Supplied material:
**********
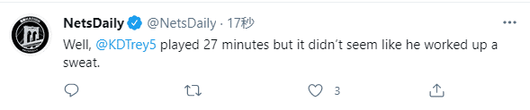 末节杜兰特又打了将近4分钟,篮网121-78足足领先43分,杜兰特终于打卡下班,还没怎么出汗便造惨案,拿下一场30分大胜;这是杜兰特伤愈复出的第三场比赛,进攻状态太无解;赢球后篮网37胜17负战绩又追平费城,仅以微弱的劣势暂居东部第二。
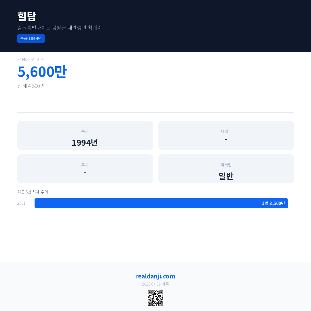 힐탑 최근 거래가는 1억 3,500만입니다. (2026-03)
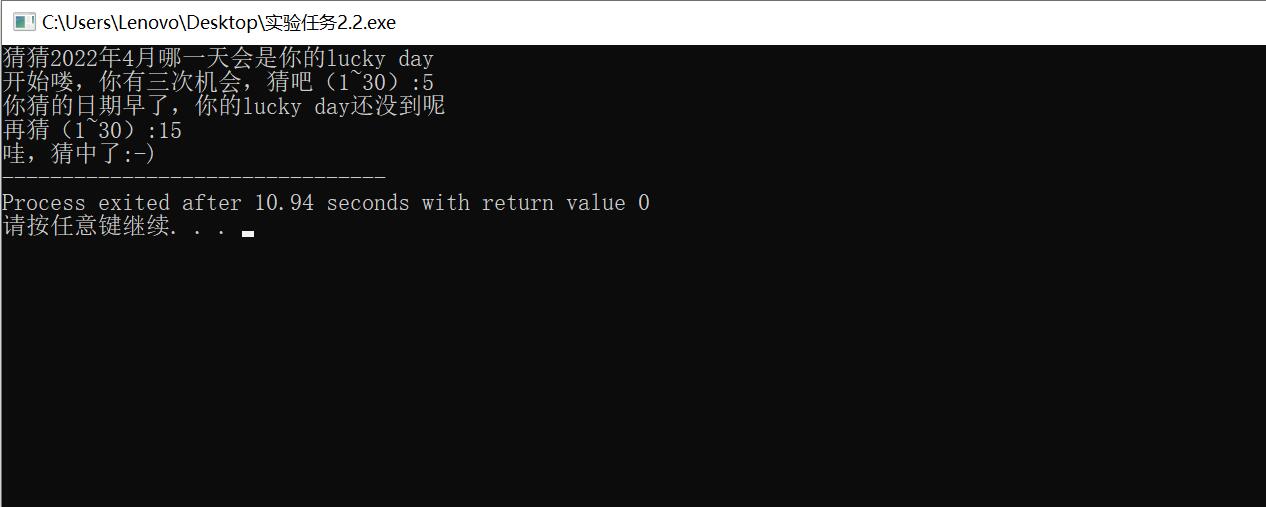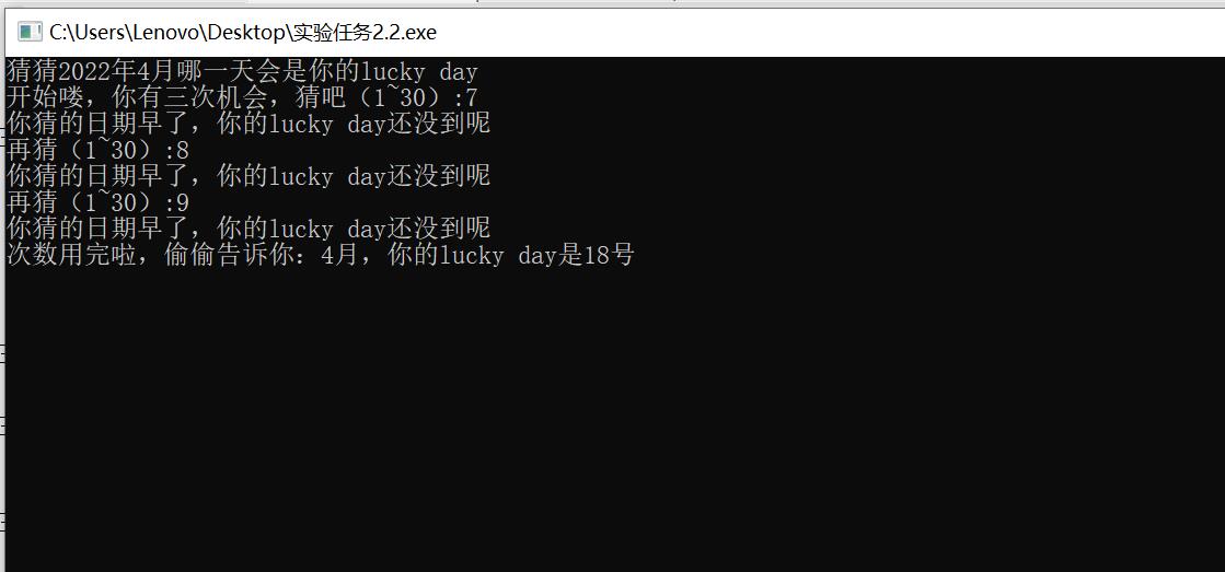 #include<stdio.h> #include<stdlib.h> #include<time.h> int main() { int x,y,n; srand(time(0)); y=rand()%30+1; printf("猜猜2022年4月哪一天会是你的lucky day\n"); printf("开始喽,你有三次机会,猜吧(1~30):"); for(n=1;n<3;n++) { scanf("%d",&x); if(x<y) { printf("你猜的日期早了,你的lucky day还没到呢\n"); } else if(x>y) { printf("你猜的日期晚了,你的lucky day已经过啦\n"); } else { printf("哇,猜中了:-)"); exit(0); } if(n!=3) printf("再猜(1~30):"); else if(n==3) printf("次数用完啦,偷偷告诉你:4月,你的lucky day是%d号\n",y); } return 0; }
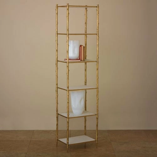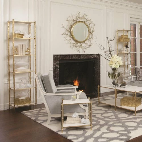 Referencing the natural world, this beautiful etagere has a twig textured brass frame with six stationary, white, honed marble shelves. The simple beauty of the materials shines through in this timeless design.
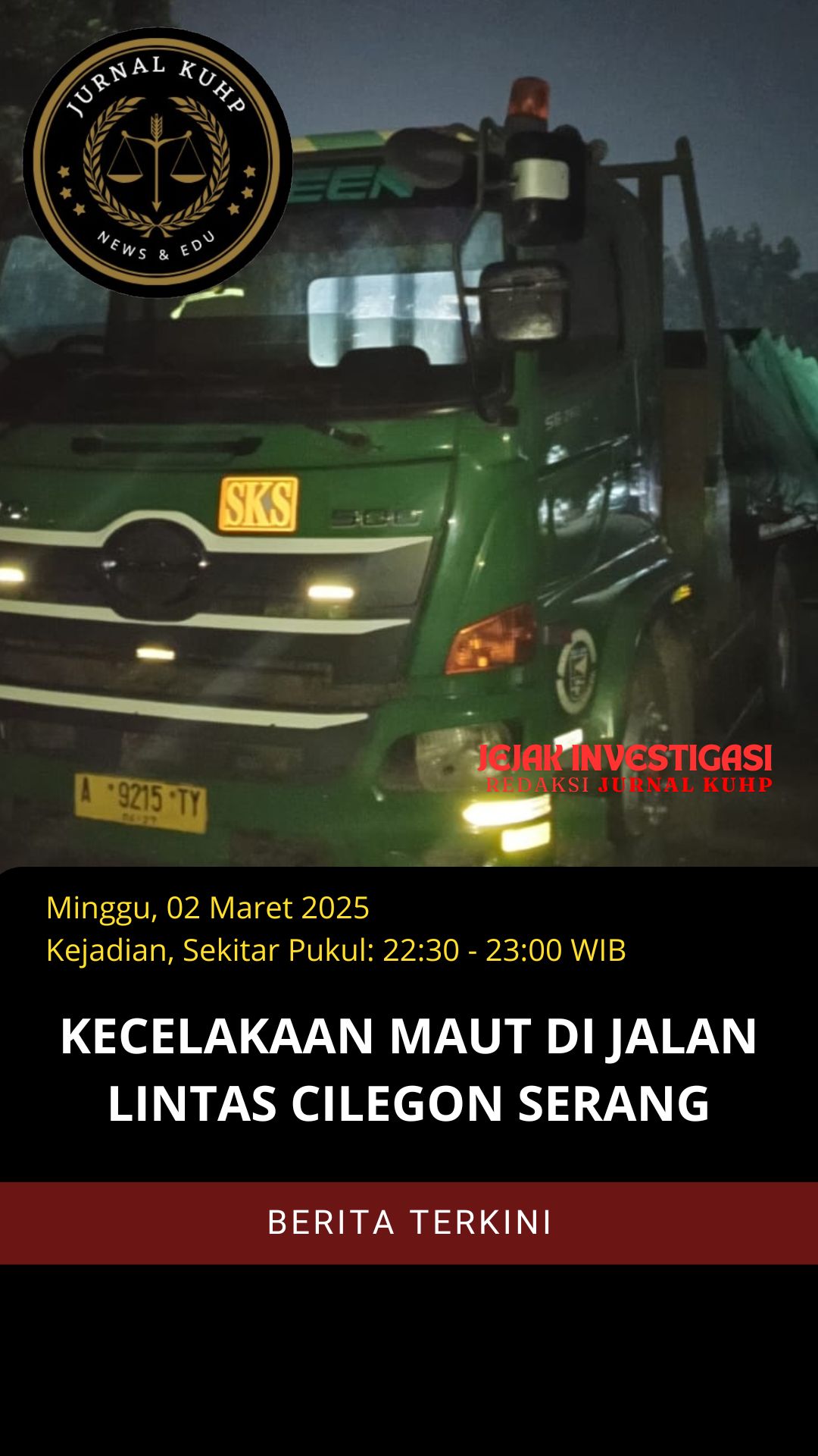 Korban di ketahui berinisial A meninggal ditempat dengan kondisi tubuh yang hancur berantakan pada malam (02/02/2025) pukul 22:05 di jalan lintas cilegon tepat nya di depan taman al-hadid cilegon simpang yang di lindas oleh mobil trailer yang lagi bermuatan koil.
**********
What you should do: With the pictures omitted, print precisely the lines from the one with "힐탑 최근 거래가는 1억 3,500만입니다. (2026-03)" to the final line of the records, both included.

Exercise result:
 힐탑 최근 거래가는 1억 3,500만입니다. (2026-03)
 #include<stdio.h> #include<stdlib.h> #include<time.h> int main() { int x,y,n; srand(time(0)); y=rand()%30+1; printf("猜猜2022年4月哪一天会是你的lucky day\n"); printf("开始喽,你有三次机会,猜吧(1~30):"); for(n=1;n<3;n++) { scanf("%d",&x); if(x<y) { printf("你猜的日期早了,你的lucky day还没到呢\n"); } else if(x>y) { printf("你猜的日期晚了,你的lucky day已经过啦\n"); } else { printf("哇,猜中了:-)"); exit(0); } if(n!=3) printf("再猜(1~30):"); else if(n==3) printf("次数用完啦,偷偷告诉你:4月,你的lucky day是%d号\n",y); } return 0; }
 Referencing the natural world, this beautiful etagere has a twig textured brass frame with six stationary, white, honed marble shelves. The simple beauty of the materials shines through in this timeless design.
 Korban di ketahui berinisial A meninggal ditempat dengan kondisi tubuh yang hancur berantakan pada malam (02/02/2025) pukul 22:05 di jalan lintas cilegon tepat nya di depan taman al-hadid cilegon simpang yang di lindas oleh mobil trailer yang lagi bermuatan koil.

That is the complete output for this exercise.